The roots of the modern Cooperative business movement date back to England in the mid-1840’s. The Industrial Revolution brought about a mass centralization and mechanization of the work force that greatly reduced the control that most people had over their economic, political and social life. Access to high quality food and essential goods were out of many people’s reach. As a result, in 1844, a group of 28 weavers and artisans, formed the Rochdale Society of Equitable Pioneers and opened what was to become the first successful cooperative store, selling the high quality, unadulterated goods they couldn’t afford otherwise.
Today, Co-ops form for similar reasons. They provide needed goods and services at affordable prices and acceptable quality when the conventional marketplace fails to do so. Co-ops are also formed to foster the ideals of empowerment, tolerance, collaboration and fairness within the workplace, marketplace and community at large.
Cooperatives measure their success using a Triple Bottom Line. This means they focus on the social and environmental impact the Co-op makes as well as on their financial performance. With an estimated 1 billion member-owners currently worldwide, creating over 250 million jobs around the world, Co-ops are a vital economic and social force, impacting both their local and the global economy.
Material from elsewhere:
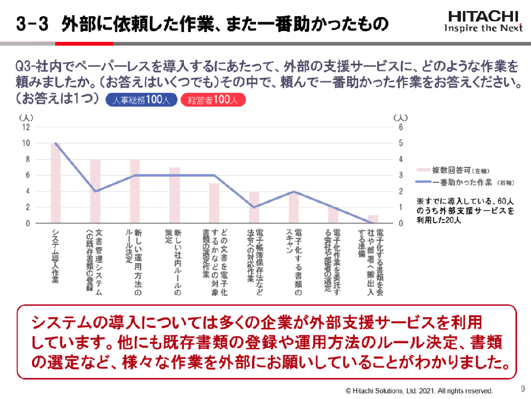 企業はペーパーレス導入の際に、外部の支援サービスにシステムの導入作業をはじめさまざまな作業を依頼している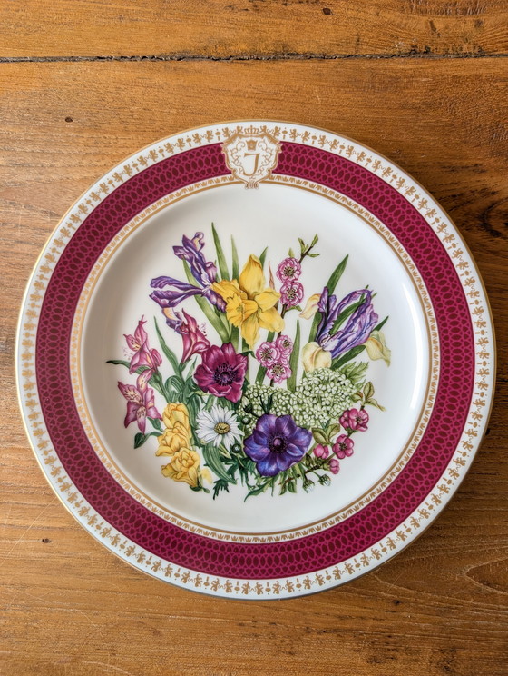 Precioso plato conmemorativo del 75.º cumpleaños de Su Alteza Real la Princesa Juliana, con motivo del 30 de abril de 1984. Diseñado por la artista de renombre internacional Elizabeth Riemer-Gerhardt, fue fabricado por Royal Mosa en porcelana fina con un borde de oro puro de 24 quilates.

The 7 Cooperative Principles
All Co-ops follow the 7 Co-operative Principles, which are based on the original principles established by the Rochdale pioneers in the 1840’s. So, whatever the business, whether it is a natural food grocery store in Ithaca, a local utility company in the Midwest, or a coffee plantation in Guatemala, all Co-ops use these principles to guide their decisions and operations, and put their values into practice.
- Voluntary and Open Membership – Co-operatives are voluntary organizations open to all persons able to use their services and willing to accept the responsibility of membership without gender, social, racial, political or religious discrimination.
- Democratic Member Control — Co-operatives are democratic organizations controlled by their members who actively participate in setting their policies and making decisions. Those serving as elected representatives are accountable to the membership.
- Member Economic Participation — Members contribute equitably to and democratically control the capital of their co-operative.
- Autonomy and Independence — Co-operatives are autonomous, self-help organizations controlled by their members. If co-operatives enter into agreements with other organizations, or raise capital from external
sources, they do so in ways to ensure democratic control by the members and maintain their co-operative independence.
- Education, Training and Information — Co-operatives provide education and training for their members, elected representatives, managers and employees so they can contribute effectively to the development of their cooperatives.
- Co-operation Among Co-operatives — Cooperatives serve their members most effectively and strengthen the cooperative movement by working together through local, regional, national and international structures.
- Concern for Community — While focusing on member needs, co-operatives work for the sustainable development of their communities through policies accepted by their members.